### WHAT IS EXPECTED
An exact reproduction is needed of every line from the beginning of the data down to and including the line that contains "NEXT FEW DAYS: The", minus the pictures.

### DATASET SECTION
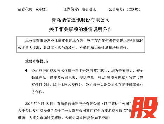 对此,上交所高度关注,并督促公司予以澄清。鼎信通讯19日午间发布澄清说明公告,承认其在相关平台回复中就投资者关于“平头哥与公司签订有全面技术授权协议”的表述不准确。
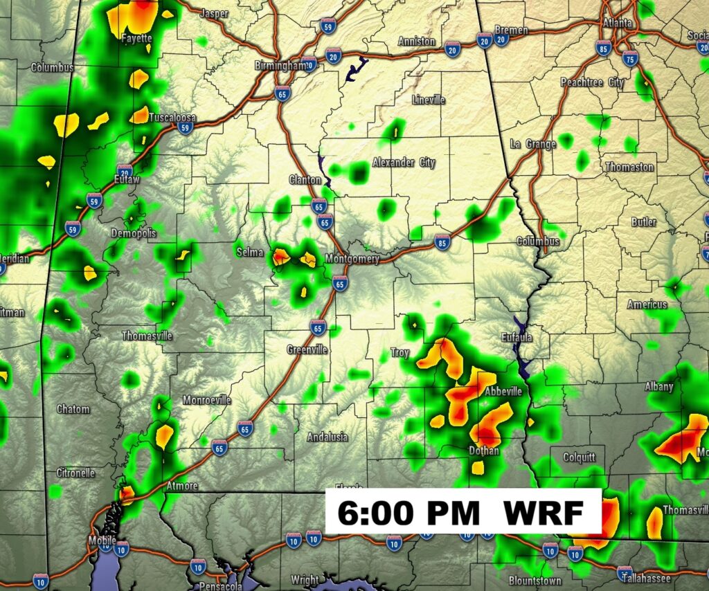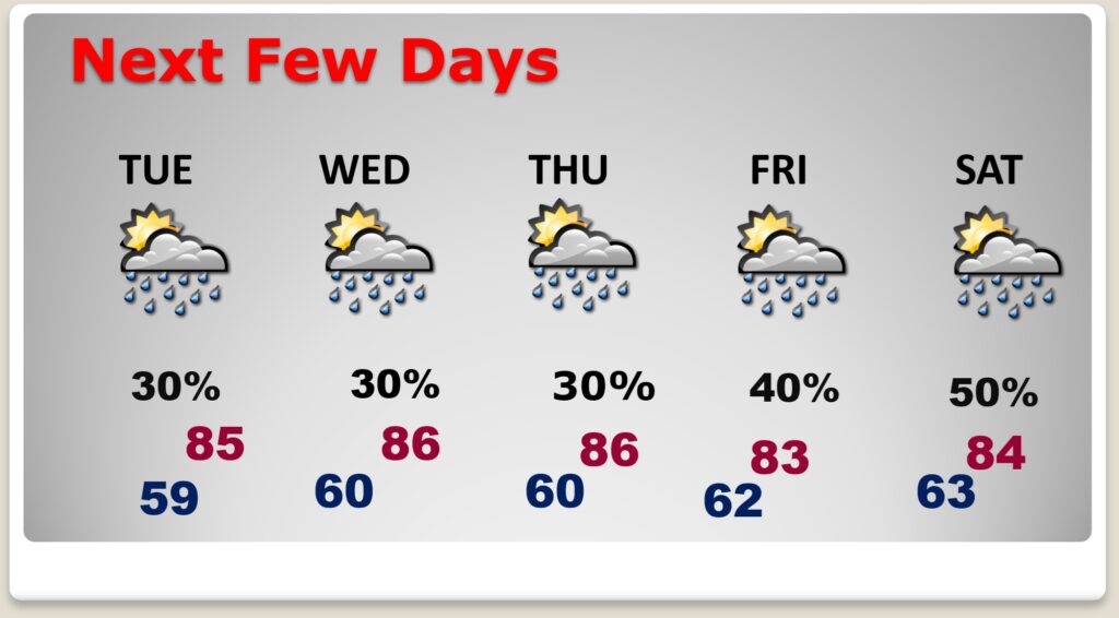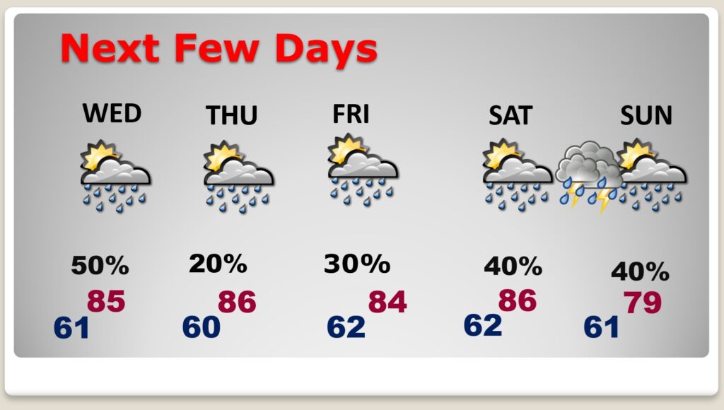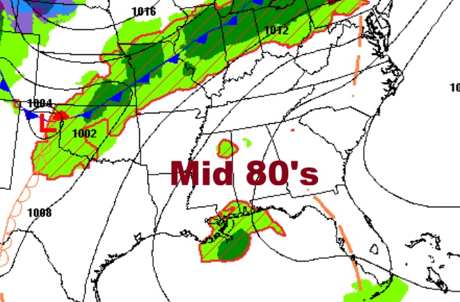 NEXT FEW DAYS: The warm-up continues. Highs will be in the 80’s each day. Lows will be mostly in the lower 60’s. Spotty, random, scattered showers and a few thunderstorms are possible each day. Many towns will get skipped. The best rain chance will along and ahead of a weekend frontal system.
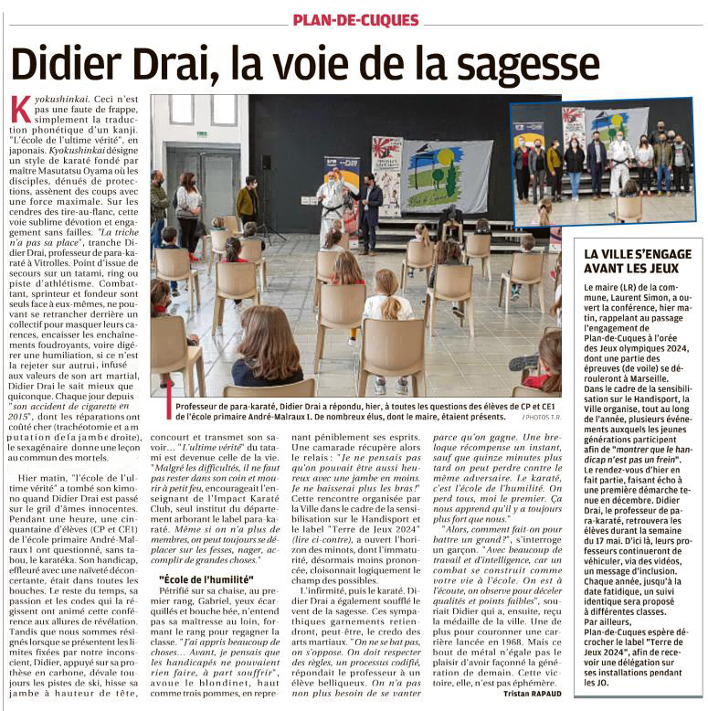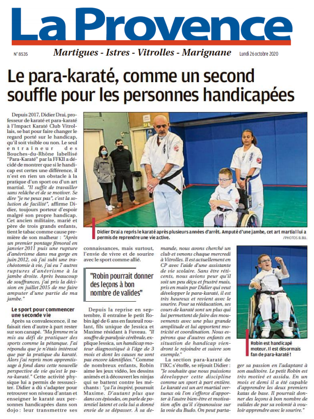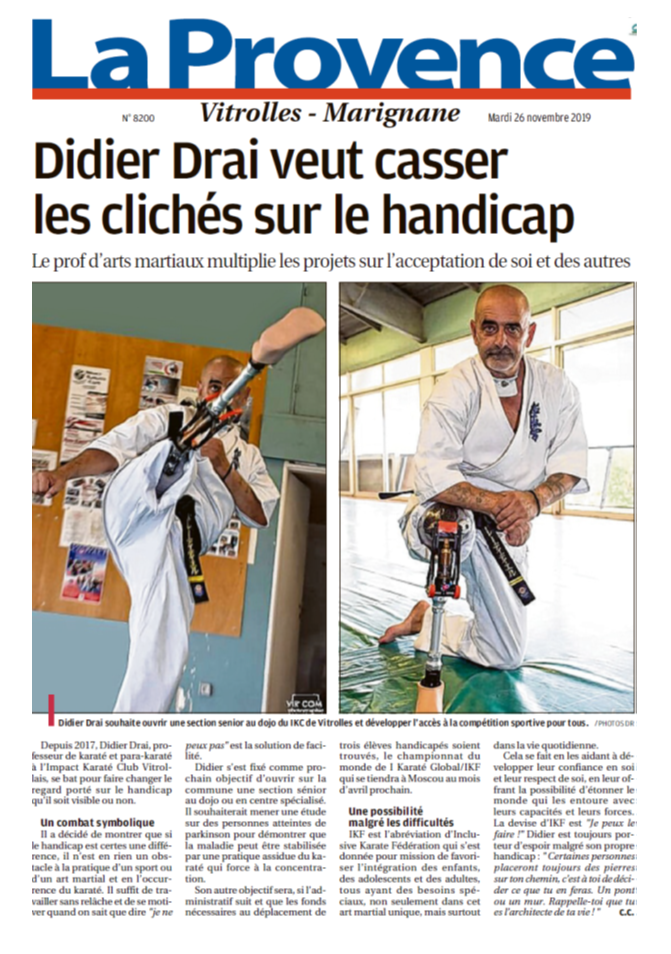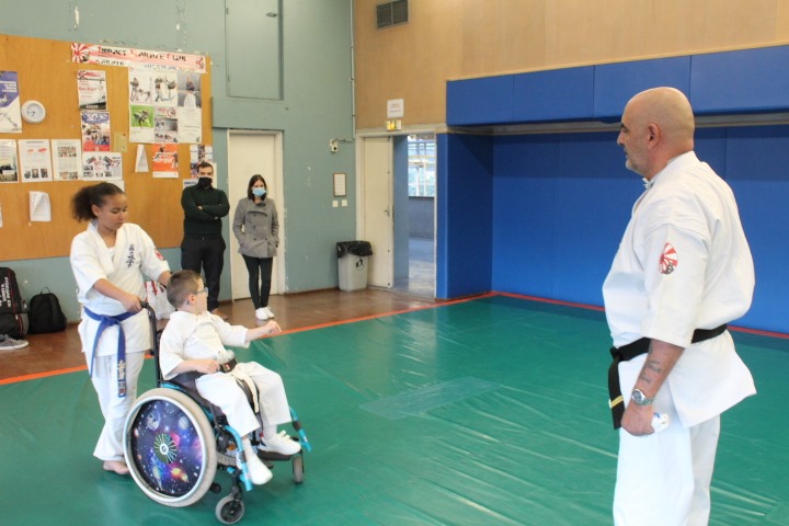 J’ai déjà dans mes cours des enfants en situation de handicap (hyper actif, TDH, DIS) et j’appartiens à ce monde puisque amputé fémoral depuis onze ans, j’ai porté une canule parlante pendant douze années consécutives. Je suis également Labellisé “Para-Karaté” par la Fédération Française de Karaté et Disciplines Associées. Il m’arrive d’intervenir dans des Clubs, Dojo dans les Bouches du Rhône, Côte d’Azur et l’Hérault dans le cadre de l’inclusion pour faire découvrir que le handicap ne veut pas dire “plus bon à rien” et je possède de nombreux articles de presse.

### REPLY TO THE EXERCISE
 对此,上交所高度关注,并督促公司予以澄清。鼎信通讯19日午间发布澄清说明公告,承认其在相关平台回复中就投资者关于“平头哥与公司签订有全面技术授权协议”的表述不准确。
 NEXT FEW DAYS: The warm-up continues. Highs will be in the 80’s each day. Lows will be mostly in the lower 60’s. Spotty, random, scattered showers and a few thunderstorms are possible each day. Many towns will get skipped. The best rain chance will along and ahead of a weekend frontal system.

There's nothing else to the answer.